Alternatives to Methyl Bromide

In 1999, SAREP launched a specialized grants program targeting alternatives to methyl bromide. SAREP supported six biologically based projects aimed at evaluating the effectiveness of several alternatives to methyl bromide within California farming systems.

The UC Sustainable Agriculture Research and Education Program (SAREP) received $1,000,000 from the California State legislature to support research and implementation of alternatives to methyl bromide. SAREP developed a competitive grants program to award these funds and supported a range of projects aimed at the development, evaluation, and/or demonstration of alternatives to methyl bromide as a pre-plant soil fumigant or postharvest commodity treatment.

Funded Projects

Background:

Methyl bromide is a broad-spectrum fumigant that is widely used to control insect, pathogen, nematode, weed and rodent pests. Approximately 90% of the methyl bromide use in California is for pre-plant soil fumigation to control soil-borne pathogens and pests principally in strawberries, nursery crops, grapes, and tree fruits and nuts. Postharvest commodity treatment accounts for about 5-10% of the methyl bromide use and is directed largely at insects of nuts, cherries, grapes, raisins, and imported materials. Structural fumigation accounts for most of the remainder of the methyl bromide use in California.

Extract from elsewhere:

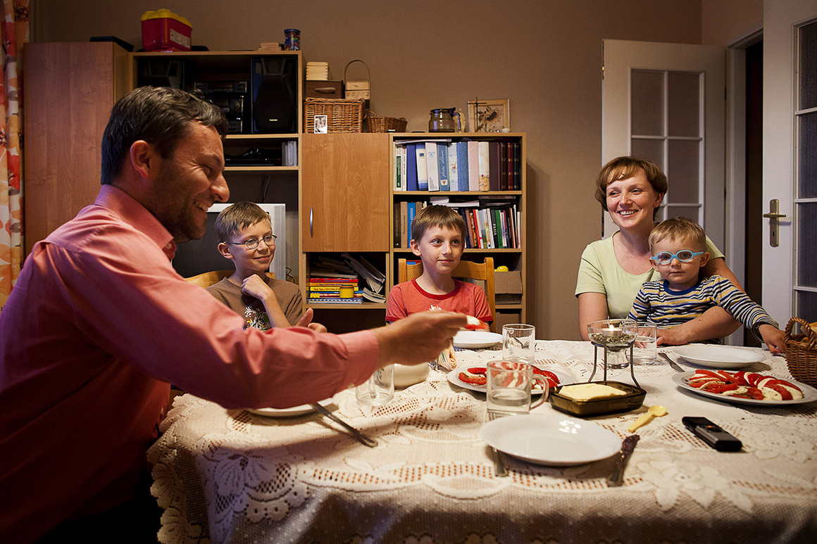 Passa pouco das 19h e ainda se sente no ar o calor do início de Verão solarengo que atingiu Varsóvia. Os Polit sentam-se à mesa para a última refeição de um dia que começou bem cedo. Antes de começarem a comer, Pawel, Emilia e os três filhos levantam-se em oração. São católicos, como quase 90% dos polacos. Quando terminarem a salada de queijo mozarela e tomate, vão começar a preparar-se para dormir. É preciso descansar cedo porque no dia seguinte, como de costume, a rotina familiar começa às 6h da manhã. Uma hora e meia depois, os dois rapazes mais velhos da família estarão a caminho de mais um dia de aulas. “A escola é boa e nota-se que os professores estão empenhados. Mas se calhar também temos sorte, porque os miúdos gostam de estudar”, conta Emília, 38 anos.

Methyl bromide has been identified as an ozone-depleting substance, with an ozone-depleting potential of 0.6. Under the Clean Air Act, the U.S. Environmental Protection Agency has prohibited the production and importation of methyl bromide starting January 1, 2005. In addition, the United States has joined 140 other nations in signing the Montreal Protocol, which in 1994 froze production and importation of methyl bromide at 1991 levels, and which requires use to be reduced in developed countries by 25% in 1999, 50% in 2001, 70% in 2003 and 100% in 2005.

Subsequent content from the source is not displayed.